- _PROBLEM REQUIREMENTS_:
Repeat the records verbatim and leave the pictures out of your copy.

Extracted data entries:
◆ ◆ ◆ ◆ ◆

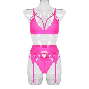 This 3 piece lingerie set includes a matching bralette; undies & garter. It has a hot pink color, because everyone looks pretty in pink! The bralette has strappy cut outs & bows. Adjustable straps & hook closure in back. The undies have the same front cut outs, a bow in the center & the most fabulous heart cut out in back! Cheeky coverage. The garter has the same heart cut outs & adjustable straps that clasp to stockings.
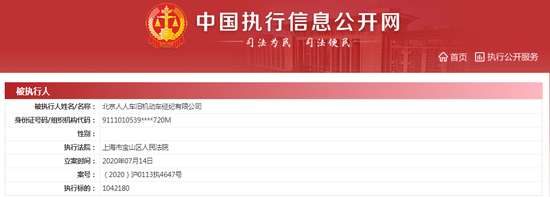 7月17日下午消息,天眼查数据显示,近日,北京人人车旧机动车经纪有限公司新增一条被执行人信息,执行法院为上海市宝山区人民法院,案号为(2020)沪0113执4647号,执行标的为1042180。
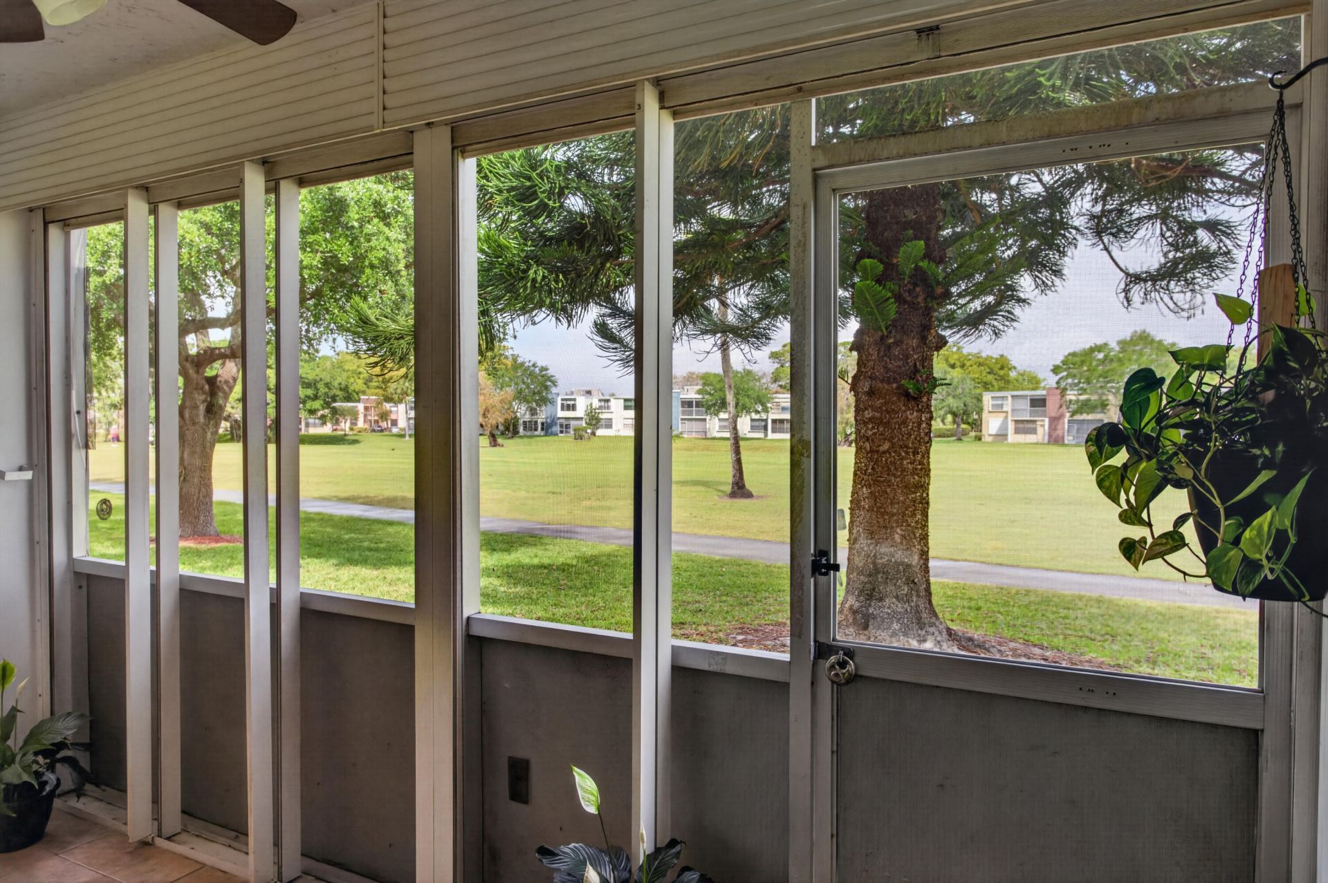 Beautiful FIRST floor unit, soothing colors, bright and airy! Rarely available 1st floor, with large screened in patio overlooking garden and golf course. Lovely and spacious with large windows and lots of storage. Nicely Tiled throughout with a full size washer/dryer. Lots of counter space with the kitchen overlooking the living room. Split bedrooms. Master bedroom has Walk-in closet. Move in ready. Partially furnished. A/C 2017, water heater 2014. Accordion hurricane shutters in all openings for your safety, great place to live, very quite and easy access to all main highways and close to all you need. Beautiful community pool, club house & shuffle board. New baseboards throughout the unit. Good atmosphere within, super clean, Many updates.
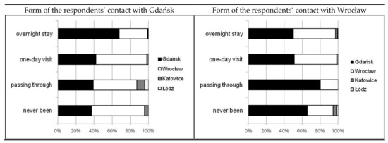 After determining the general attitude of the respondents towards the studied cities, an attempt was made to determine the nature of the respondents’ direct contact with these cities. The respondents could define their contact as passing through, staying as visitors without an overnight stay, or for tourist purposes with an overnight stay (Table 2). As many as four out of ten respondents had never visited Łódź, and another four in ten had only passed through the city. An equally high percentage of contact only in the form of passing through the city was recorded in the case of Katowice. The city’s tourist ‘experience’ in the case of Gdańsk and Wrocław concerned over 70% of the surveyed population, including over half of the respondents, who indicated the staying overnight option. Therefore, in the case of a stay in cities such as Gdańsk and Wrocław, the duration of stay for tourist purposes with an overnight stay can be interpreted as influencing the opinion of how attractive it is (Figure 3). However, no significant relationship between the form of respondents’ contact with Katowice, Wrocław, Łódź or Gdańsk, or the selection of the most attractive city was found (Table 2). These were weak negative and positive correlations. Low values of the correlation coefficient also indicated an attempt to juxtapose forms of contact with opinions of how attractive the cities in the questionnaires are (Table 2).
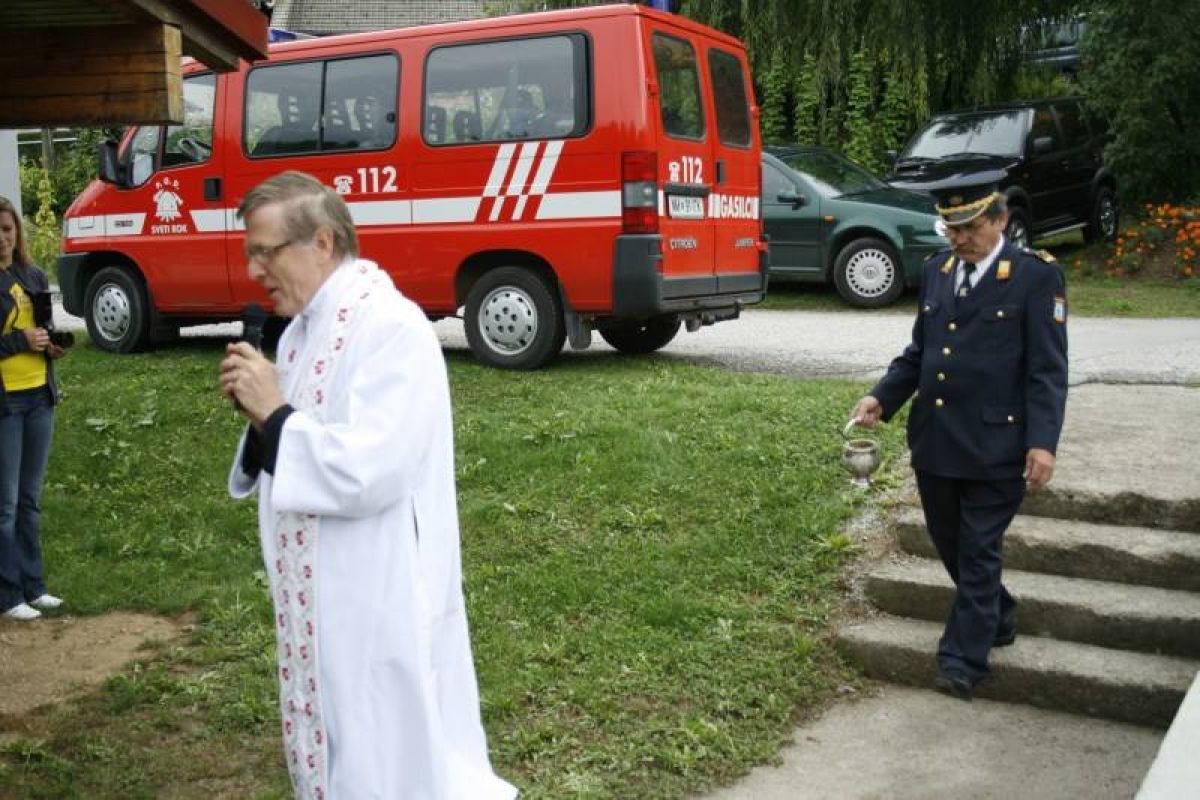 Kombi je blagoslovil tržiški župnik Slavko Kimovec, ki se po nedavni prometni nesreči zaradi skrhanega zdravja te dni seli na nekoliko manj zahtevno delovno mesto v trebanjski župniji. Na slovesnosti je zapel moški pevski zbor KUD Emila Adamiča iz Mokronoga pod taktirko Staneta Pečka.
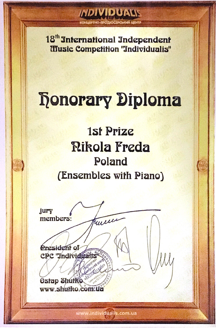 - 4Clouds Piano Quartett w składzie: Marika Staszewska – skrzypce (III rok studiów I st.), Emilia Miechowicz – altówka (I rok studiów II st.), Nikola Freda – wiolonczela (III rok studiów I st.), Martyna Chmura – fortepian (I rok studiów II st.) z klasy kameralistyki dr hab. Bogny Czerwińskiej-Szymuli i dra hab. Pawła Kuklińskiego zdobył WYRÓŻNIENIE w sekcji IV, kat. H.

◆ ◆ ◆ ◆ ◆

- _ANSWER SECTION_:
 This 3 piece lingerie set includes a matching bralette; undies & garter. It has a hot pink color, because everyone looks pretty in pink! The bralette has strappy cut outs & bows. Adjustable straps & hook closure in back. The undies have the same front cut outs, a bow in the center & the most fabulous heart cut out in back! Cheeky coverage. The garter has the same heart cut outs & adjustable straps that clasp to stockings.
 7月17日下午消息,天眼查数据显示,近日,北京人人车旧机动车经纪有限公司新增一条被执行人信息,执行法院为上海市宝山区人民法院,案号为(2020)沪0113执4647号,执行标的为1042180。
 Beautiful FIRST floor unit, soothing colors, bright and airy! Rarely available 1st floor, with large screened in patio overlooking garden and golf course. Lovely and spacious with large windows and lots of storage. Nicely Tiled throughout with a full size washer/dryer. Lots of counter space with the kitchen overlooking the living room. Split bedrooms. Master bedroom has Walk-in closet. Move in ready. Partially furnished. A/C 2017, water heater 2014. Accordion hurricane shutters in all openings for your safety, great place to live, very quite and easy access to all main highways and close to all you need. Beautiful community pool, club house & shuffle board. New baseboards throughout the unit. Good atmosphere within, super clean, Many updates.
 After determining the general attitude of the respondents towards the studied cities, an attempt was made to determine the nature of the respondents’ direct contact with these cities. The respondents could define their contact as passing through, staying as visitors without an overnight stay, or for tourist purposes with an overnight stay (Table 2). As many as four out of ten respondents had never visited Łódź, and another four in ten had only passed through the city. An equally high percentage of contact only in the form of passing through the city was recorded in the case of Katowice. The city’s tourist ‘experience’ in the case of Gdańsk and Wrocław concerned over 70% of the surveyed population, including over half of the respondents, who indicated the staying overnight option. Therefore, in the case of a stay in cities such as Gdańsk and Wrocław, the duration of stay for tourist purposes with an overnight stay can be interpreted as influencing the opinion of how attractive it is (Figure 3). However, no significant relationship between the form of respondents’ contact with Katowice, Wrocław, Łódź or Gdańsk, or the selection of the most attractive city was found (Table 2). These were weak negative and positive correlations. Low values of the correlation coefficient also indicated an attempt to juxtapose forms of contact with opinions of how attractive the cities in the questionnaires are (Table 2).
 Kombi je blagoslovil tržiški župnik Slavko Kimovec, ki se po nedavni prometni nesreči zaradi skrhanega zdravja te dni seli na nekoliko manj zahtevno delovno mesto v trebanjski župniji. Na slovesnosti je zapel moški pevski zbor KUD Emila Adamiča iz Mokronoga pod taktirko Staneta Pečka.
 - 4Clouds Piano Quartett w składzie: Marika Staszewska – skrzypce (III rok studiów I st.), Emilia Miechowicz – altówka (I rok studiów II st.), Nikola Freda – wiolonczela (III rok studiów I st.), Martyna Chmura – fortepian (I rok studiów II st.) z klasy kameralistyki dr hab. Bogny Czerwińskiej-Szymuli i dra hab. Pawła Kuklińskiego zdobył WYRÓŻNIENIE w sekcji IV, kat. H.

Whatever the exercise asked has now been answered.